Dengan konsep hybrid bank, BRI mencoba menggabungkan layanan perbankan tradisional dengan layanan digital yang serba cepat dan praktis. Tujuannya jelas, untuk menjangkau semua segmen nasabah, dari yang masih setia ngantri di depan mesin ATM, sampai yang sudah paham betul cara transfer pake m-banking.
Bank Rakyat Indonesia (BRI) tidak hanya fokus pada digitalisasi, tapi juga terus memperkuat keberadaan agen BRILink di seluruh penjuru Indonesia. Dengan lebih dari 1 juta agen BRILink yang tersebar di lebih dari 62.000 desa, BRI memastikan layanan perbankan tetap dekat dan mudah dijangkau, bahkan bagi mereka yang belum sepenuhnya akrab dengan dunia digital.

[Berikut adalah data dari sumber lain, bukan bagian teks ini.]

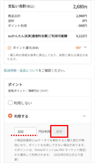 Pontaポイント(au PAY マーケット限定)は1ポイントが1円、auポイントは1.2ポイントが1円としてお買い物で利用できます。
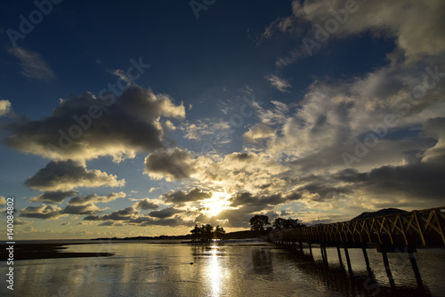 Obraz premium 朝日、空、雲、海、青森県、平内町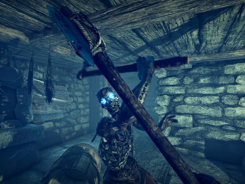 Malheureusement, au-delà de la qualité et de l'immersion garanties par le système de combat bien structuré, qui nous demandera d'esquiver et de frapper sans arrêt, quelques petits problèmes rendent le tout moins engageant : les hitbox dansantes et les interpénétrations polygonales qui se produisent pendant les combats finissent par briser le sentiment d'identification, ainsi que la physique qui gère les collisions avec certains éléments du décor. Tout bien considéré, malgré ses défauts évidents, Undead Citadel est globalement divertissant, sans excès : la campagne est très linéaire et prévisible, et les énigmes de base à résoudre ne sont pas particulièrement captivantes, impliquant presque toujours de fouiller des huttes trop similaires. Mais la somme de tous ces éléments reste divertissante. Certes, on est loin des hauteurs atteintes dans Behemoth. Graphiquement parlant, Undead Citadel sur PSVR2 tient la route. Les décors médiévaux sont sombres et captivants, avec une bonne utilisation de l'éclairage et des textures suffisamment détaillées. Le design des créatures est excellent, convaincant et complète efficacement l'impact visuel global, qui gagnerait à être mis en lumière avec brio. L'équipe son fait un excellent travail, avec des effets sonores convaincants et une bande-son qui accompagne l'action sans voler la vedette.

Pada akhirnya, kita paham bahwa selalu ada orang-orang seperti Bapak yang lebih memilih setia dengan ‘cara-cara lamanya’ daripada membaur ke dunia baru yang terasa asing bagi mereka. Ya, Bapak memang sudah nyaman dengan caranya sendiri dan itu sah-sah saja!
Oleh sebab itu, peningkatan layanan transaksi dan digitalisasi BRI menjadi langkah serius untuk mewujudkan inklusi keuangan bagi seluruh rakyat Indonesia. BRI ingin memastikan semua nasabahnya, mulai dari yang masih duduk di kursi kuliah sampai mereka yang sudah jadi langganan kursi prioritas di kereta, dapat menikmati kenyamanan dan kemudahan transaksi perbankan di mana saja dan kapan saja.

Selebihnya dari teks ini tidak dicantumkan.